Sable Island visitor restrictions include:
- Visitors must stay at least 20 metres away from wildlife, including the horses and seals.
- This year there will be no overnight stays on the island as the few buildings there are being renovated.
- People must register ahead of time and get permission from Parks Canada.
- Visitors must participate in an orientation session before venturing out on the island.
- Visitors must have a detailed itinerary.
- Everything you need must be brought with you and all garbage must be returned to the mainland.
There’s also the unpredictable weather to contend with.
Mark Butler, with the Ecology Action Centre, said some have raised concerns about opening the park to the public.
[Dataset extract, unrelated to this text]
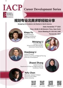 On October 17, the International Association for China Planning (IACP) held an online professional development webinar titled “Navigating the Academic Job Market in North American Planning Schools.” The session was opened by Dr. Zhenhua Chen, Associate Professor at The Ohio State University and Chair-Elect of IACP, and moderated by Dr. Yefu Chen, Assistant Professor at …
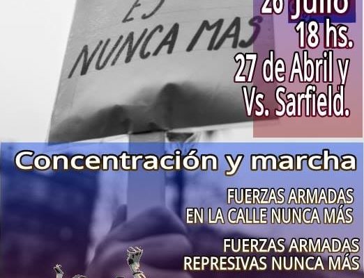 Las autoridades de la Facultad de Filosofía y Humanidades de la UNC adhieren al comunicado elaborado por la Mesa de Trabajo de Derechos Humanos de Córdoba que rechaza la decisión del Gobierno Nacional de modificar el rol de las Fuerzas Armadas en democracia asignándole tareas de seguridad interior, e invitan a la marcha organizada para el jueves 26 de julio, a las 18 hs, desde Vélez Sarfield y 27 de Abril, bajo la consigna “Fuerzas Armadas en la calle Nunca Más”.

“A lot of people were concerned that we could love Sable Island to death, that you would just get too many visitors trampling over the Island,” he said.
But that hasn't happened, at least not yet.
Just five groups have registered to visit the island this season, about 50 people in total so far.
In the past, the island has averaged 250 visitors each year.
“In an average year, you often even get more people registered than are often even able to make it just because the fog comes in or trips don't successfully get there,” Jonathan Sheppard, Sable Island National Park manager:
If the weather and other restrictions aren’t enough to deter travellers, the flight to the island isn’t cheap.
“A flight out there costs something like $5,000 so that's out of the range of a whole lot of people. So it largely is for the elite traveller,” said Butler.
Those elite travellers will start arriving on Sable Island in mid-June.